E aqui? Academia é uma opção para os trabalhadores? Certamente que não! Não podendo responder as perguntas “quando”, “onde” e “como pagar”, a opção é descartada. Alternativas populares não são pensadas levando em consideração a vivência corporal de cada cultura e comunidade desse país tão diverso. Acho muito difícil interessar mulheres da Rocinha numa aula de step ou jump e ninguém se preocupa muito em investigar o que serviria melhor os interesses delas.

Então vem a famosa máxima dos cardiologistas: a caminhada e a corrida. E mais dois problemas sérios: um logístico e social (caminhada e corrida são opções para a população?) e outro científico/médico (caminhada é a atividade mais benéfica do ponto de vista da saúde da população?).

Durante os últimos meses, passei boa parte do meu tempo dentro da favela de Paraisópolis, em São Paulo. Nunca vi nenhum survey (posso apostar que nenhum foi feito), mas o número de obesos não é alto em comparação à população de São Paulo. No entanto, utilizando os critérios de qualquer questionário oficial, seria uma população majoritariamente sedentária, já que ninguém “pratica caminhada” e muito menos “corrida”. Um número bem pequeno pratica musculação. E da listinha pré-codificada, acho que é só.
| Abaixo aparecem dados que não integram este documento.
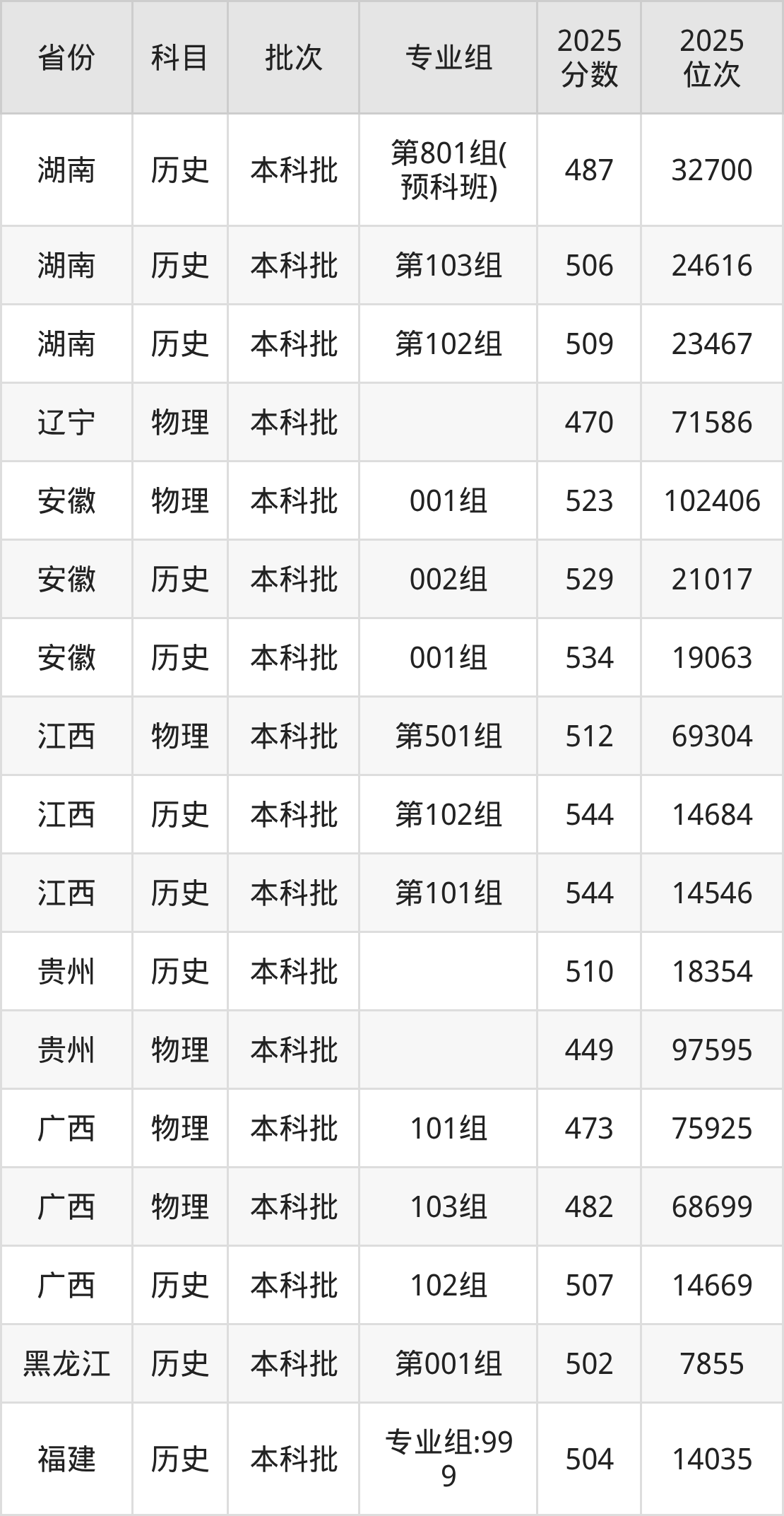 2025年在本科历史类进行招生,各专业组分数线详情如下:

Quem conhece aquela comunidade, no entanto, ri: como se pode caminhar numa área de morros íngremes que sequer calçadas tem? Ou correr? Como considerar sedentária uma população que caminha muito mais do que seus vizinhos de classe média seja para comprar o pãozinho ou ir trabalhar, já que a locomoção por carro não é uma opção para se ir até a esquina? E os jovens que praticam dança (que não é um item da lista pré-codificada) várias vezes por semana, regularmente, como tantos que conheço? São sedentários? E as centenas de empregadas domésticas, uma das poucas opções ocupacionais para essa população tão discriminada e condenada à informalidade?
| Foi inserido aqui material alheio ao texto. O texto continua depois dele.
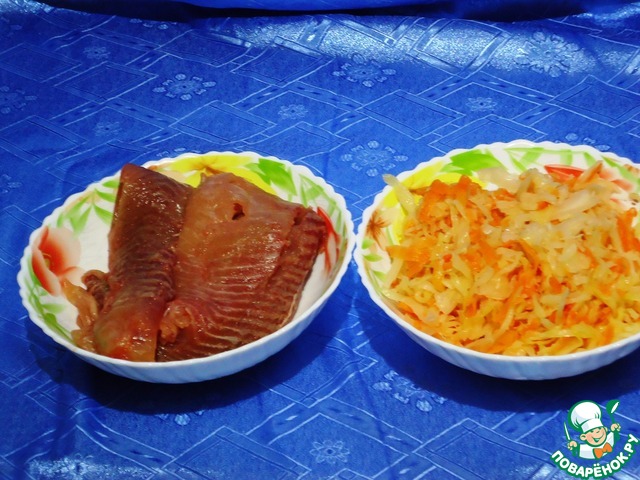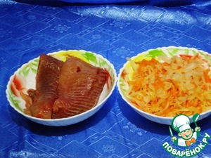 Отделяем мясо карпа от костей. Берем квашеную капусту. Хочу отметить, что мы очень любим квашеную капусту. И она в рецепте чувствуется. Поэтому надо брать такую, вкус которой Вам понравится. У меня обычная - капуста, соль и морковь.
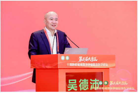 苏州大学附属第一医院吴德沛教授致辞,高度评价中山大学肿瘤防治中心的国际顶尖地位与突出科研成果,肯定其在徐瑞华院士支持下稳步发展,称赞本次论坛学术氛围浓厚、汇聚全国专家,期待大湾区及我国血液学事业持续蓬勃发展。
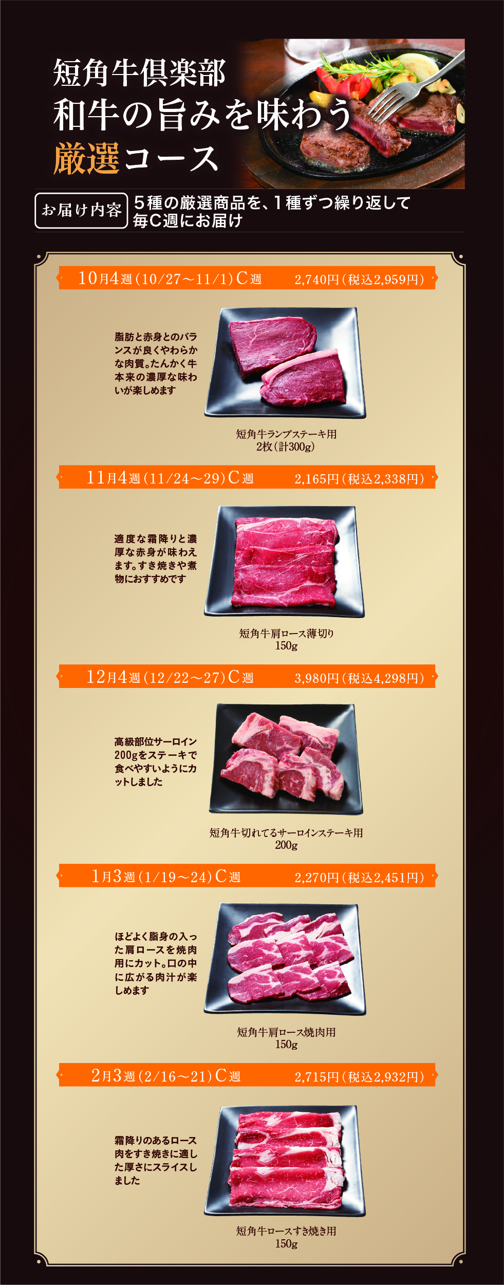 4週間をひとつのサイクルとしてお届けしており、1週間ごとにA・B・C・Dの記号で表しています。商品によってそれぞれ設定されていますので、「お届け週」の項目を確認ください。
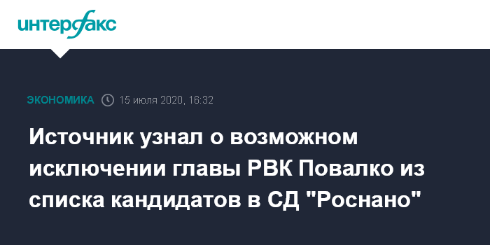 Источник узнал о возможном исключении главы РВК Повалко из списка кандидатов в СД "Роснано"

Quanto a caminhada e corrida serem as atividades que melhor previnem os males do sedentarismo, mais uma vez, não é verdade. Isso é uma perspectiva vinda da cardiologia, cada vez mais contestada por profissionais da atividade física. A atividade mais benéfica ao pré-diabético e diabético, longe de ser a caminhada ou corrida que podem até ser negativas em certos casos, é o exercício resistido ou musculação. Vários estudos tem mostrado isso.

Assim, a pesquisa divulgada pela Folha alerta para um problema grave de saúde pública mas infelizmente não contribui muito para sua solução. Ao mostrar como consensuais conceitos no mínimo discutíveis e apresentar falsos consensos quanto às alternativas, acho que contribui bastante para confundir esse já obscuro meio de campo.